Plasmonic Rainbow Trapping by a Silica–Graphene–Silica on a Sloping Silicon Substrate

We give a proposal for plasmonic rainbow trapping based on a novel structure comprised of a silica-graphene-silica on a sloping silicon substrate, which, importantly, overcomes the intrinsic constraints that are required by metal/dielectric interface. As compared with previous plasmonic grating structures for rainbow trapping, the adiabatic control of the dispersion curve for the present one is achieved by gradually changing the equivalent permittivity of the graphene monolayer via the gap separation between the graphene monolayer and the silicon substrate. We attribute the rainbow trapping effect to the correlative dispersive relation between the slow plasmonic mode and the gap separation between the graphene monolayer and silicon substrate, which leads to the localization of light waves of different frequencies at different positions on the graphene surface. The group velocity can be reduced to be 1000 times smaller than light velocity in air, which is 1-2 smaller than that was previously reported in dielectric gratings-based plasmonic structures.

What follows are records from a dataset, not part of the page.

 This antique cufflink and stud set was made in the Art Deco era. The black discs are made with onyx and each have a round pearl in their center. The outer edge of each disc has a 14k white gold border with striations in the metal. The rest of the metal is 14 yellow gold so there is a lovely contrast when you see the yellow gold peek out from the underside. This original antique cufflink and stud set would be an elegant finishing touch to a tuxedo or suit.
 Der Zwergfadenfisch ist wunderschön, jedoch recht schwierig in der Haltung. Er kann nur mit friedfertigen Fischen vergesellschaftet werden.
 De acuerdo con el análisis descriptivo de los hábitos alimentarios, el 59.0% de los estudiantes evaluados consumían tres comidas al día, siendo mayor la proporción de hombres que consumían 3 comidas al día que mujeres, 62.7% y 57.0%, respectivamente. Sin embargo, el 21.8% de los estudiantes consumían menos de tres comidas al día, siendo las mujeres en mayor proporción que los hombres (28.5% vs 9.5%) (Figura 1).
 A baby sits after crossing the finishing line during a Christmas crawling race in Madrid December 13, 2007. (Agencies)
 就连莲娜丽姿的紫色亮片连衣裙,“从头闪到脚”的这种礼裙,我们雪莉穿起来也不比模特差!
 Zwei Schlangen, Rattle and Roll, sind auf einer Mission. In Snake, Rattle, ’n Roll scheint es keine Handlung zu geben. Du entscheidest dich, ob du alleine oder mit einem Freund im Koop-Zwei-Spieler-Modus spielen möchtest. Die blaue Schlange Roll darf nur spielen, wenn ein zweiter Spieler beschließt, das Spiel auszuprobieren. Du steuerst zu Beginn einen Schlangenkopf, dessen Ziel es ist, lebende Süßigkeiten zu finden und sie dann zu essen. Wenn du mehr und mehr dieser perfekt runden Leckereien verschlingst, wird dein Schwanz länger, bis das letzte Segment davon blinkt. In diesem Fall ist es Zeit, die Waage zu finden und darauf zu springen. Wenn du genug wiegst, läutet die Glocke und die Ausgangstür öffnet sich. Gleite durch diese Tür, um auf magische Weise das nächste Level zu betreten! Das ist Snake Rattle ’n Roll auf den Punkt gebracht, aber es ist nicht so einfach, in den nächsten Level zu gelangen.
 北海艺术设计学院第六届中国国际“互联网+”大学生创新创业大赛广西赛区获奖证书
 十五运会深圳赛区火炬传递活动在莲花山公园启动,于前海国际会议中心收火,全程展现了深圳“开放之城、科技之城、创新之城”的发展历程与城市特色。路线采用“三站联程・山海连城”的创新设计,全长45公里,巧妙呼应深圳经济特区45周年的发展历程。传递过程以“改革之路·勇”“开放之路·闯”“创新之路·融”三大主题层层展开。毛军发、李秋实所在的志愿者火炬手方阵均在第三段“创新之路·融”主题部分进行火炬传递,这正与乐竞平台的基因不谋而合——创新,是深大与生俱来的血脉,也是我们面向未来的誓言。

Ultra-Broadband TE-Pass Polarizer Using a Cascade of Multiple Few-Layer Graphene Embedded Silicon Waveguides

Considering that the variation of the modal characteristics for the TM mode is significantly larger than that for the TE mode when graphene is involved in a silicon-based waveguide, a silicon waveguide TE-pass polarizer with few-layer graphene embedded is proposed and demonstrated. Such a polarizer shows the performance merits including ultrahigh extinction ratio, low insertion loss for the TE mode, ultracompact footprint, and tunable bandwidth by dynamically varying the chemical potential of graphene with gate voltage. We further reveal that the operation bandwidth can be significantly enlarged by cascading multiple polarizers, each of which consists of a silicon waveguide embedded with few-layer graphene and is biased at different gate voltages. We numerically demonstrate that using a cascade of seven polarizers, it is capable of achieving 20-dB extinction ratio and ultralow insertion loss for the TE mode (<;0.13 dB) with bandwidth over 120 nm at telecommunication wavelengths.

Graphene-assisted ultra-compact polarization splitter and rotator with an extended bandwidth

The high refraction-index contrast between silicon and the surrounding cladding makes silicon-on-insulator devices highly polarization-dependent. However, it is greatly desirable for many applications to address the issue of polarization dependence in silicon photonics. Here, a novel ultra-compact polarization splitter and rotator (PSR), constructed with an asymmetrical directional coupler consisting of a rib silicon waveguide and a graphene-embedded rib silicon waveguide (GERSW), on a silicon-on-insulator platform is proposed and investigated. By taking advantage of the large modulation of the effective refractive index of the TE mode for the GERSW by tuning the chemical potential of graphene, the phase matching condition can be well satisfied over a wide spectral band. The presented result demonstrates that for a 7-layer-graphene-embedded PSR with a coupling length of 11.1 μm, a high TM-to-TE conversion efficiency (>−0.5 dB) can be achieved over a broad bandwidth from 1516 to 1602 nm.

Directional beaming of light from a subwavelength metal slit with phase-gradient metasurfaces

In this article, we demonstrate directional beaming of light from a metal nanoslit surrounded with phase-gradient metasurfaces on both sides. Distinct from the grating-based beaming structures, here the momentum mismatch between the surface wave and radiation wave is overcome by the phase-gradient metasurfaces. The deviation angle of the directional beam can be flexibly adjusted by appropriately arranging the phase-gradient of metasurfaces on each side of the nanoslit. The metasurface-based beaming structures also present the ability to operate with high diffraction efficiency and small divergence angle, implying various potential applications in nanophotonics.